EXERCISE OBJECTIVE - The pictures in the listing below are to be skipped, while the lines between the line holding "- MICROLUBE GBU-Y" and the line holding "Слайд 2В повседневной", inclusive, are to be output exactly.

★ ★ ★ ★ ★

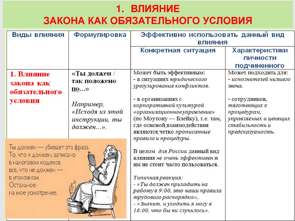 1. Влияние закона как обязательного условия.
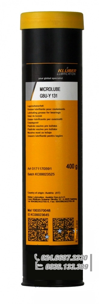 - MICROLUBE GBU-Y 131 là loại mỡ đặc biệt kết hợp dầu gốc bán tổng hợp và chất làm đặc xà phòng phức hợp kim loại. Sự kết hợp đặc biệt này ảnh hưởng lớn đến khả năng chịu tải, khả năng chống nước và đặc tính chống ăn mòn của mỡ.
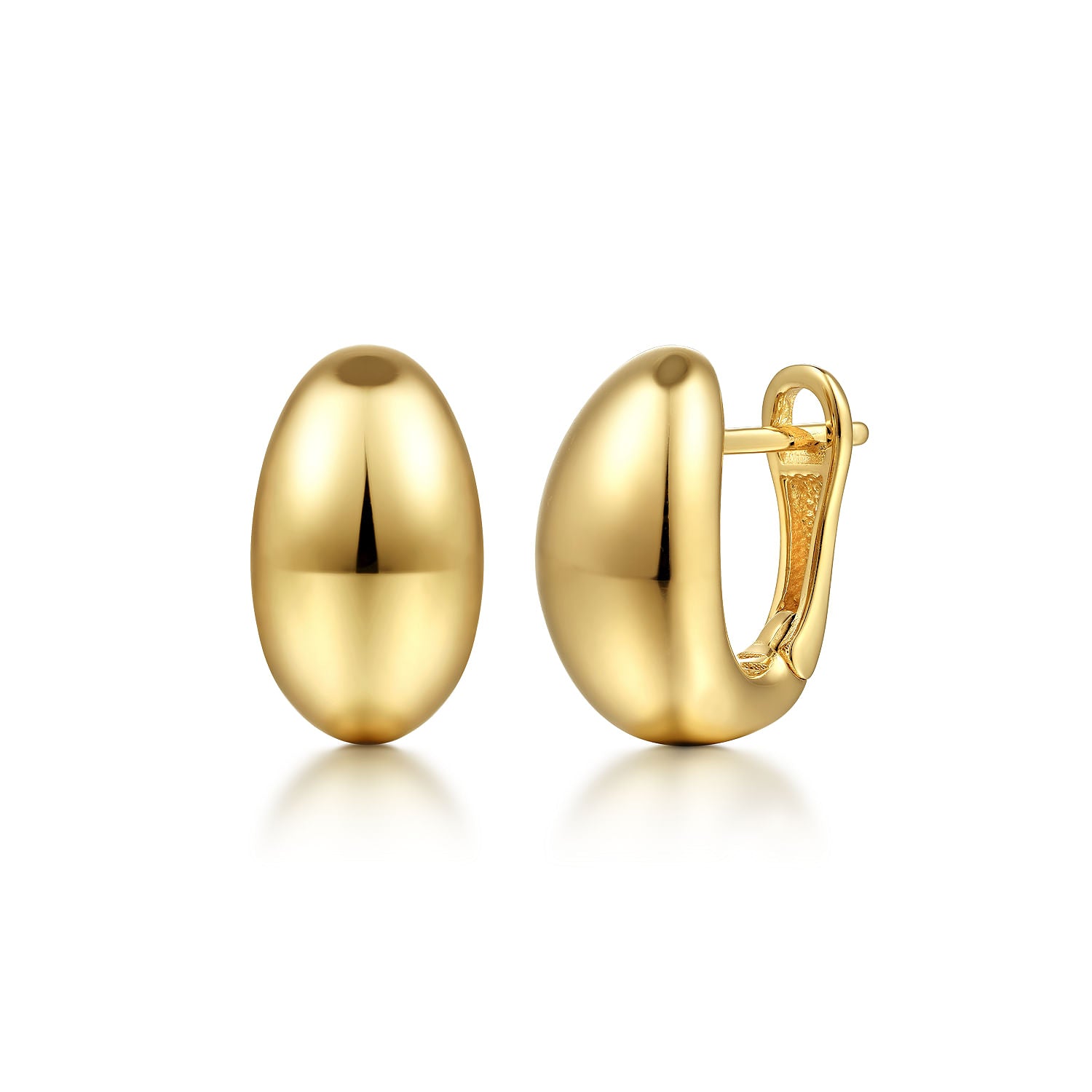 Elegant oval huggie earrings crafted in 14K yellow gold, measuring 17.1mm in length and 9.8mm in width. Featuring a convenient hinged back closure, these versatile pieces transition seamlessly from daily wear to formal events. The timeless design combines contemporary styling with enduring appeal, making them a refined addition to any jewelry collection.
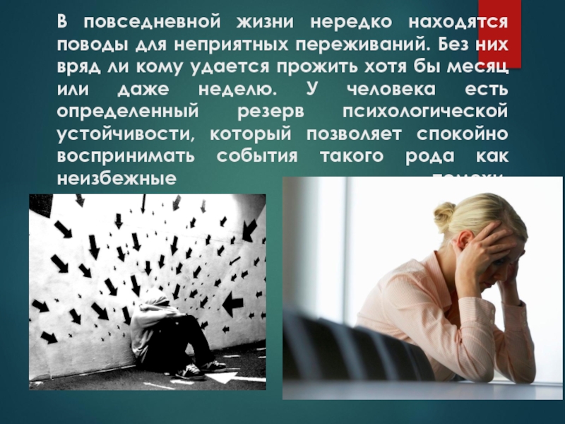 Слайд 2В повседневной жизни нередко находятся поводы для неприятных переживаний. Без них
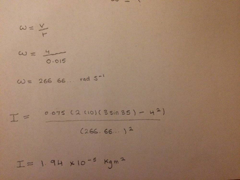 Hence which is why I written down this, in where I then rearrange for I (moment of inertia). However upon doing this, I realize I have an unknown which is omega (angular velocity). How would I work out omega so I then find the moment of inertia of the ball?
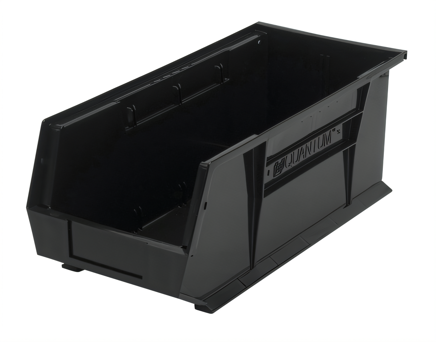 Bin, stacking or hanging, 8-1/4"W x 18"D x 7"H, front/back/side grips, anti-slide lock, (1) divider slot, rear hanger, molded-in label holder, recycled polypropylene, black, Made in USA, (Must be purchased in multiple of 6)

★ ★ ★ ★ ★

WRITTEN RESPONSE -
 - MICROLUBE GBU-Y 131 là loại mỡ đặc biệt kết hợp dầu gốc bán tổng hợp và chất làm đặc xà phòng phức hợp kim loại. Sự kết hợp đặc biệt này ảnh hưởng lớn đến khả năng chịu tải, khả năng chống nước và đặc tính chống ăn mòn của mỡ.
 Elegant oval huggie earrings crafted in 14K yellow gold, measuring 17.1mm in length and 9.8mm in width. Featuring a convenient hinged back closure, these versatile pieces transition seamlessly from daily wear to formal events. The timeless design combines contemporary styling with enduring appeal, making them a refined addition to any jewelry collection.
 Слайд 2В повседневной жизни нередко находятся поводы для неприятных переживаний. Без них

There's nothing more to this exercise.